The spunlace nonwoven in this example has completely identical stress-strain values for the longitudinal and transverse directions in the initial and medium stressing range, i.e., it is absolutely isotropic over this range. Likewise, the porosity of the metal fibre nonwoven can be adjusted over a wide range by selecting the stitch-bonding parameters. The pore volume is 97-99%. However a pore volume of 60 to 99% can also be achieved according to process data.
The arrangement and the type of nonwoven corresponds to those of Example 3. In contrast to Example 2, three nozzle sheets in corresponding nozzle beams are used at a working medium pressure of 20/500/500 bar. The maximum tensile forces are 89 N in the longitudinal direction and 78 N in the transverse direction with maximum elongations under tensile force of 29% in the longitudinal direction and 34% in the transverse direction. With this example it can be shown that a higher strength can be achieved in the longitudinal direction than in the transverse direction.
The arrangement and the type of nonwoven corresponds to those of Example 3. In contrast to Example 3, the stitch-bonding process by high-energy water jets is followed by a pressing or calibrating process. The strength and the porosity of the metal fibre nonwoven can be thereby influenced in addition to the stitch-bonding by means of water jets.
These exemplary embodiments show that the maximum tensile force in the longitudinal direction (HZKL) and in the transverse direction (HZKQ) can be specifically controlled and the ratio of maximum longitudinal tensile force to maximum transverse tensile force can be adjusted from >1 through =1 to <1. It is of major importance that the stress-strain behavior in the initial and medium stressing range can be configured as completely isotropic by using selected stitch-bonding parameters. Equally, it is possible to adjust the porosity of the metal fibre nonwoven over a wide range.
The metal fibre nonwoven to be stitch-bonded is subjected to a spunlace treatment using 36 nozzles per inch of working width having a diameter of 0.10 mm, an underlay screen of 20 mesh fineness and a working medium pressure of 500 bar and perforated. according to a pattern for use as a burner surface or the like.
A metal wire mesh positioned between two metal fibre nonwovens having a mesh width of 10×10 mm, for example, is subjected to a spunlace treatment using 36 nozzles per inch of working width having a diameter of 0.10 mm, an underlay screen of 60 mesh and a working medium pressure of 500 bar.
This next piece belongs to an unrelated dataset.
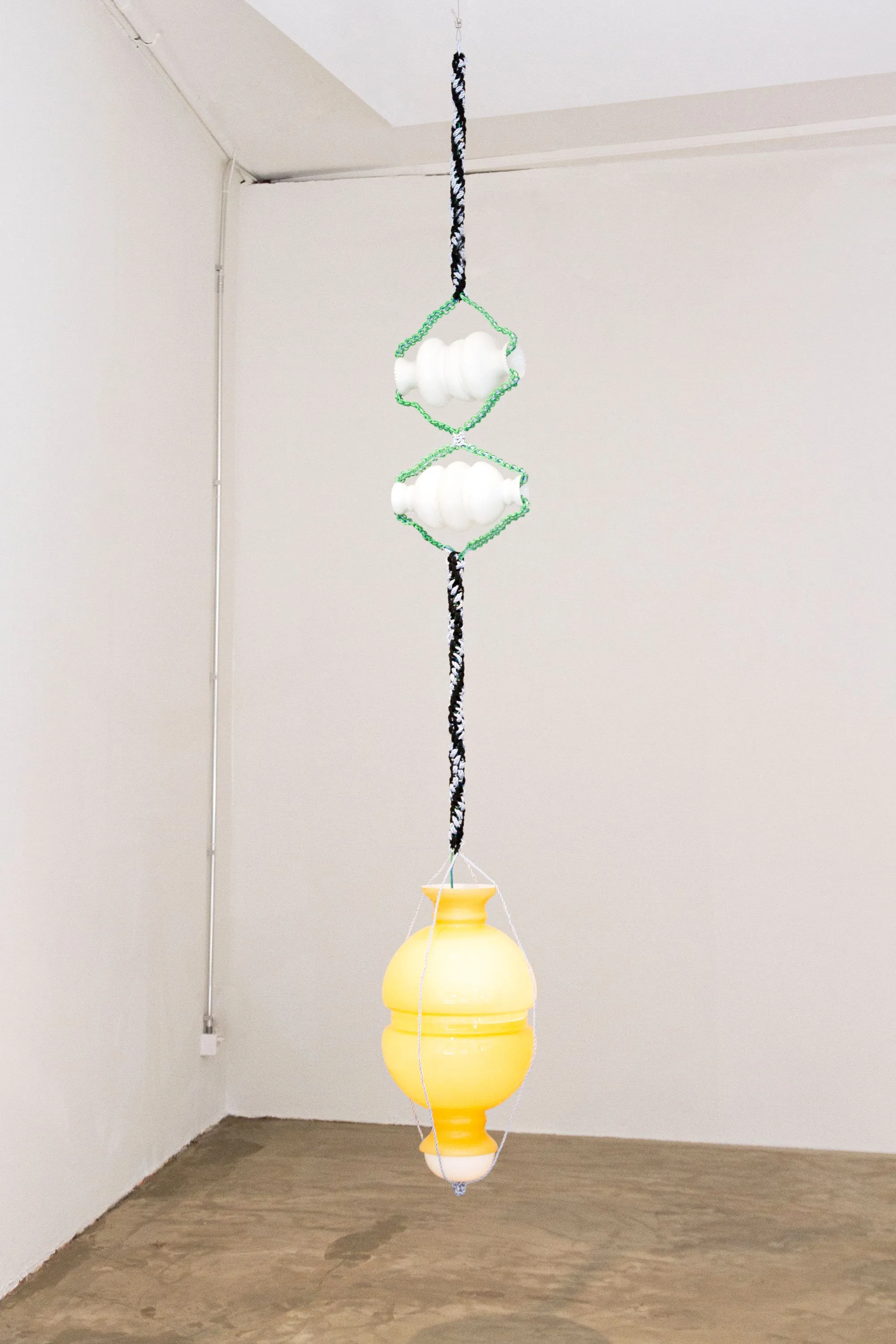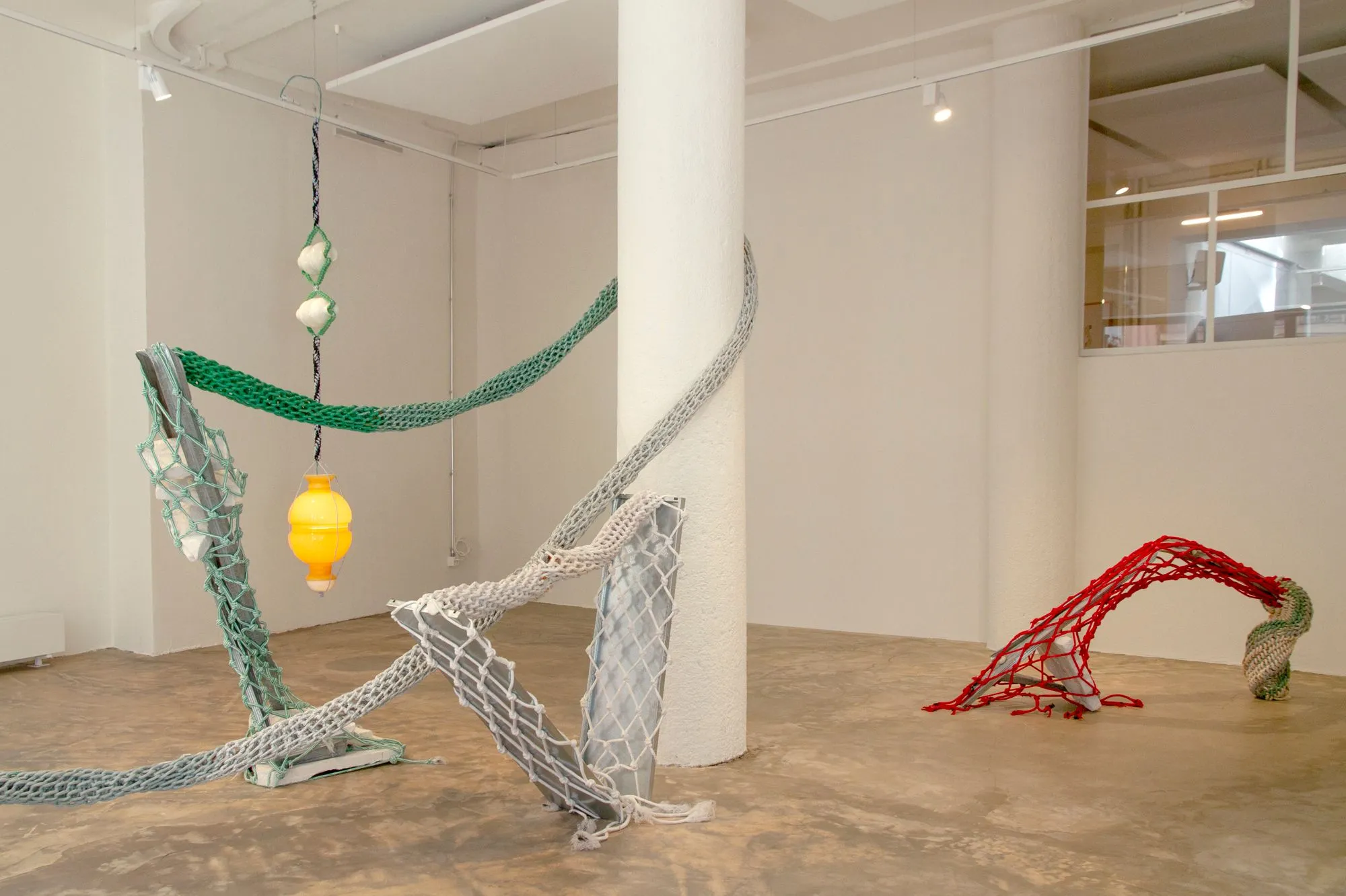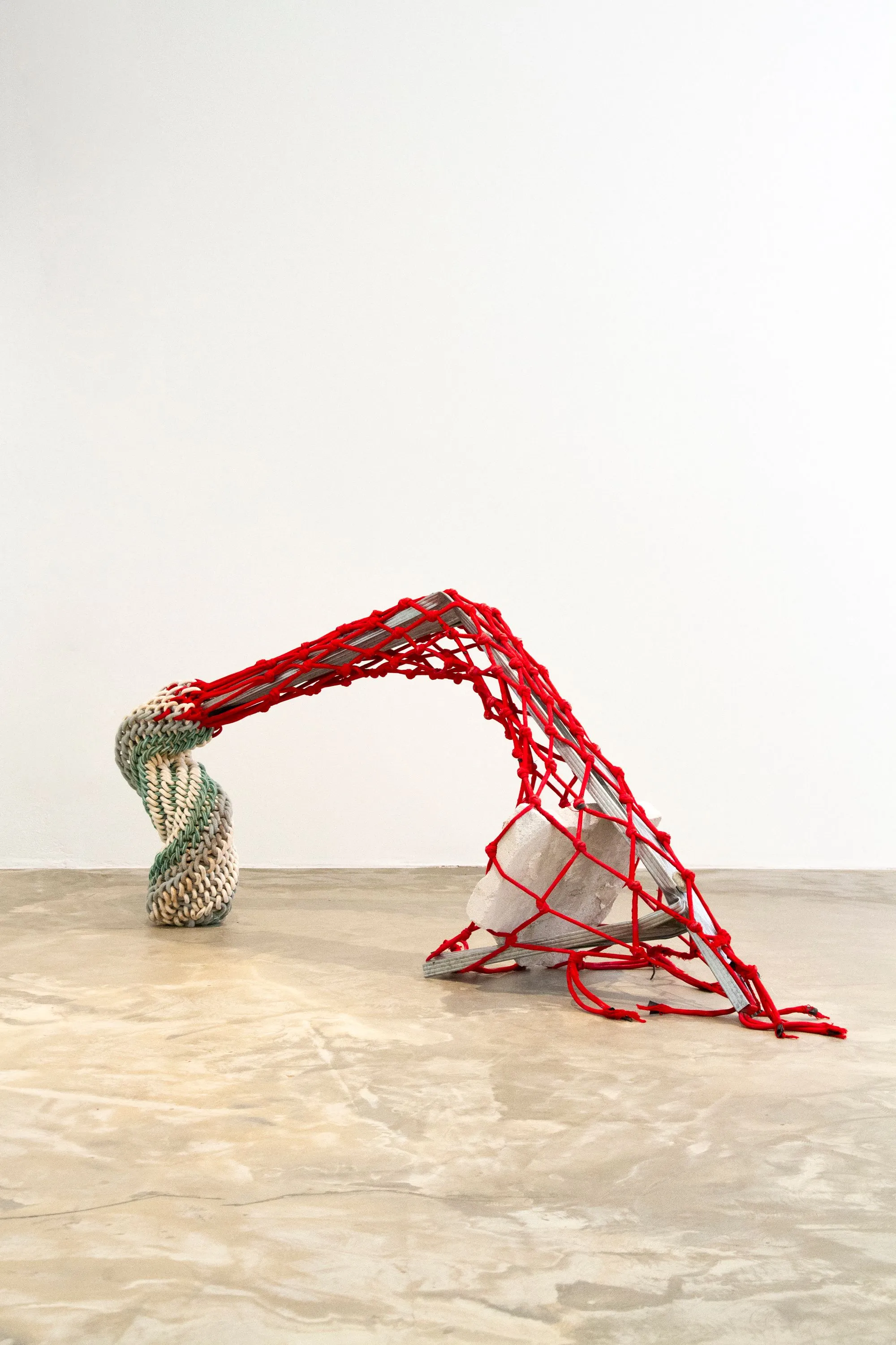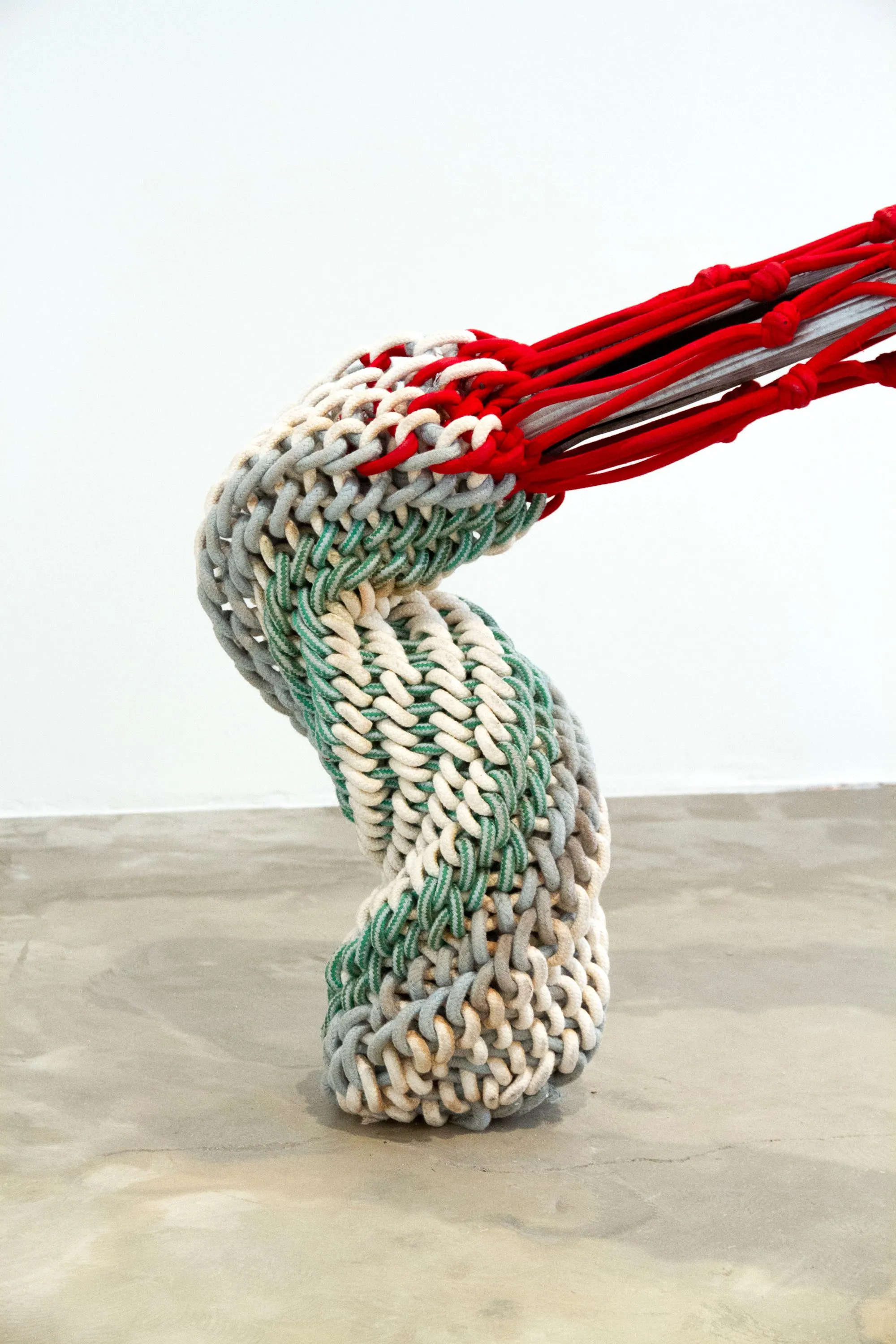 “Cordée” is a series of contextual experiments in which I employ rope-braiding techniques using surplus materials from the textile industry. For me, rope, weaving, and netting are spaces imbued with memory and color, which I intertwine and connect to fragments I find in the places where I set up. The movement inherent in my practice evokes a tension between studio and exhibition spaces, in relation to the works of Andy Goldsworthy, Gordon Matta-Clark, and Christo.

In this case, the nonwoven is stitch-bonded to give a smooth surface with small pore openings whilst at the same time accommodating the metal mesh. Such metal composites are used for filtering tasks where a high thermal loading occurs. In this case, the stitch-bonded metal fibre nonwoven is intended to fulfil the filtering tasks and the metal mesh fulfils the function of strength carrier.
Nonwovens having a thickness between 1.5 and 3.4 mm were prepared in the experiments. The gross density was about 8 mm_ The density of the spunlace nonwovens was between 0.1 and 0.2 g/cm3. The attainable porosity is between 60 and 99%.
The nonwovens described can be used in filter and burner technology, especially where high thermal loads occur, in the EMC area, to achieve protection from explosions etc.